Work required: Reproduce exactly the lines below, from the first one through the line containing "La maison est", and omit any pictures.

═════ Material provided

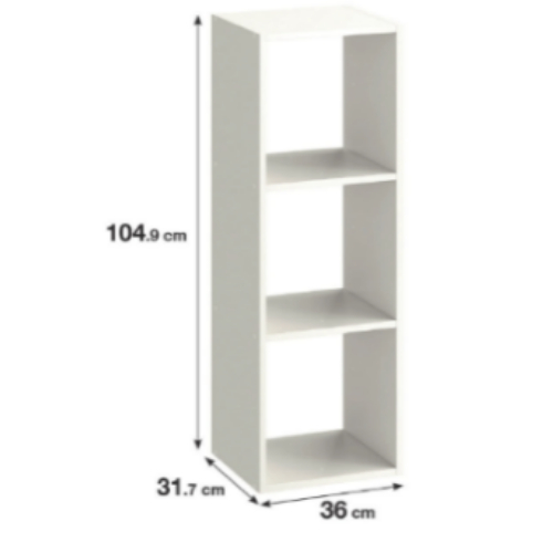 Стеллаж «Куб» на 3 секции — это компактная система хранения для спальни, гостиной или кабинета. Изготовлен из ламинированной древесно-стружечной плиты (ЛДСП) толщиной 16 м, имеющей гладкое покрытие. Цвет поверхности — белый. Размеры: ширина — 36 см, высота — 104,9 см, глубина — 31,7 см. Страна производства — Россия. Особенности Стеллаж можно устанавливать на пол или крепить на стену. При необходимости можно приобрести ножки для установки. В каждую секцию можно установить дополнительную полку. Возможно дополнение секций фасадами и дверцами. Для организации более удобного хранения вещей можно подобрать ящики и короба желаемого цвета под размер полок. Конструкция предназначена для самостоятельной сборки, крепеж входит в комплект. Каждая полка выдерживает нагрузку до 5 кг.
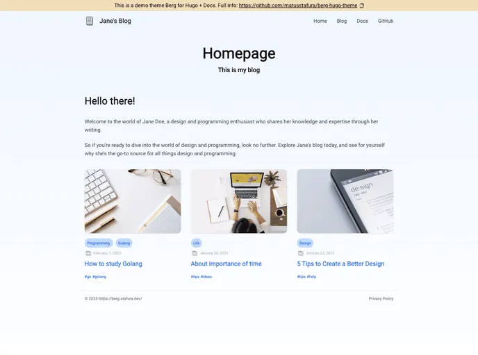 Berg is a clean and modern responsive blog theme designed for Hugo. With its clean aesthetics and modern design, Berg offers a visually appealing way to showcase your blog content. Whether you're a personal blogger or a professional writer, Berg provides a user-friendly and responsive experience for your readers.
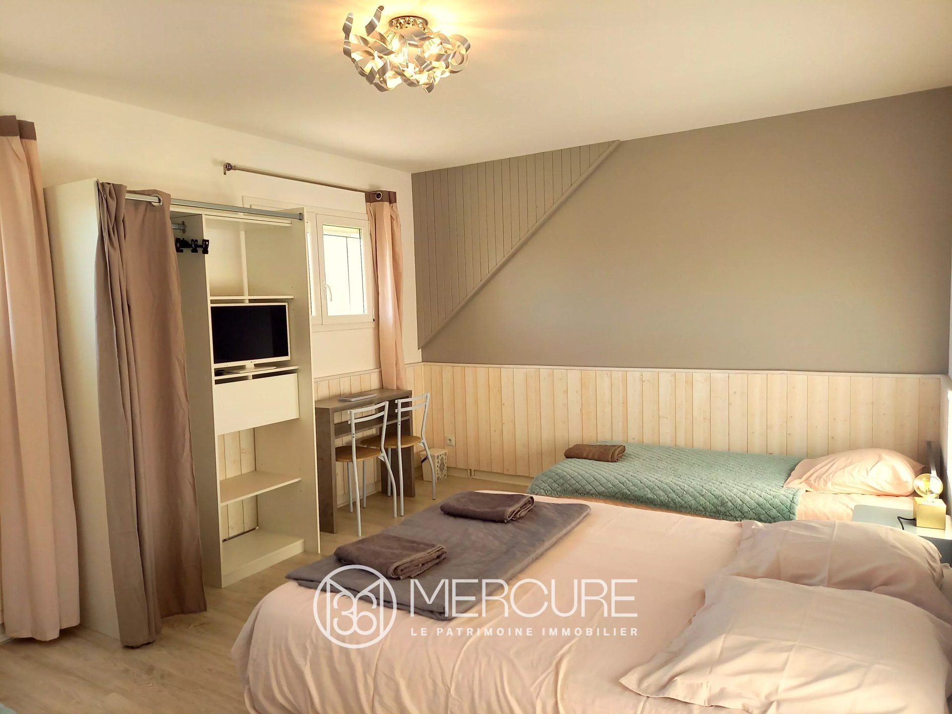 La maison est composée d’un salon, d’une salle à manger, d’une belle cuisine, de sept chambres, un bureau, cinq salles d’eau et sept toilettes. Une vaste cave. La configuration de la maison peut permettre une activité locative, en gîte ou chambre d’hôtes.
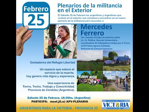 Emisión en vivo - Plenarios de la Militancia en el ExteriorConversamos con Mercedes Ferrero. Dra. Estudios Sociales de América Latina. Lic. Cs. Política. Docente Universitaria. Coordinadora de Trabajadoras Unidas por la Tierra (UTEP Rama Agraria Córdoba). Referenta de Comuna Esperanza. Sábado 25 de Febrero, 16.30 hs. Argentina (20:30 hs Europa) Refugio Libertad, un espacio que estuvo al servicio de la muerte, hoy genera vida digna y esperanza. Trabajadores y trabajadoras de la economía popular que habitan en pequeños pueblos y zonas rurales de los departamentos Calamuchita y Santa María, provincia de Córdoba (Argentina). En 2018 recuperamos el predio del exGrupo de Artillería 141 ubicado entre Villa San Isidro, José de la Quintana y Los Molinos; logramos el permiso de uso legal otorgado por la Agencia Administradora de Bienes del Estado (AABE), allí gestamos el Refugio Libertad, un campo comunitario donde producimos alimentos sanos y creamos trabajo para más de 60 familias, con cuidado del territorio y el ambiente (ganadería mayor y menor, producción de forrajes y granos, horticultura, apicultura, cunicultura, reciclado y recuperación de infraestructura abandonada, entre otras actividades. Una experiencia de Tierra, Techo, Trabajo y Conectividad

══════════

Written solution:
 Стеллаж «Куб» на 3 секции — это компактная система хранения для спальни, гостиной или кабинета. Изготовлен из ламинированной древесно-стружечной плиты (ЛДСП) толщиной 16 м, имеющей гладкое покрытие. Цвет поверхности — белый. Размеры: ширина — 36 см, высота — 104,9 см, глубина — 31,7 см. Страна производства — Россия. Особенности Стеллаж можно устанавливать на пол или крепить на стену. При необходимости можно приобрести ножки для установки. В каждую секцию можно установить дополнительную полку. Возможно дополнение секций фасадами и дверцами. Для организации более удобного хранения вещей можно подобрать ящики и короба желаемого цвета под размер полок. Конструкция предназначена для самостоятельной сборки, крепеж входит в комплект. Каждая полка выдерживает нагрузку до 5 кг.
 Berg is a clean and modern responsive blog theme designed for Hugo. With its clean aesthetics and modern design, Berg offers a visually appealing way to showcase your blog content. Whether you're a personal blogger or a professional writer, Berg provides a user-friendly and responsive experience for your readers.
 La maison est composée d’un salon, d’une salle à manger, d’une belle cuisine, de sept chambres, un bureau, cinq salles d’eau et sept toilettes. Une vaste cave. La configuration de la maison peut permettre une activité locative, en gîte ou chambre d’hôtes.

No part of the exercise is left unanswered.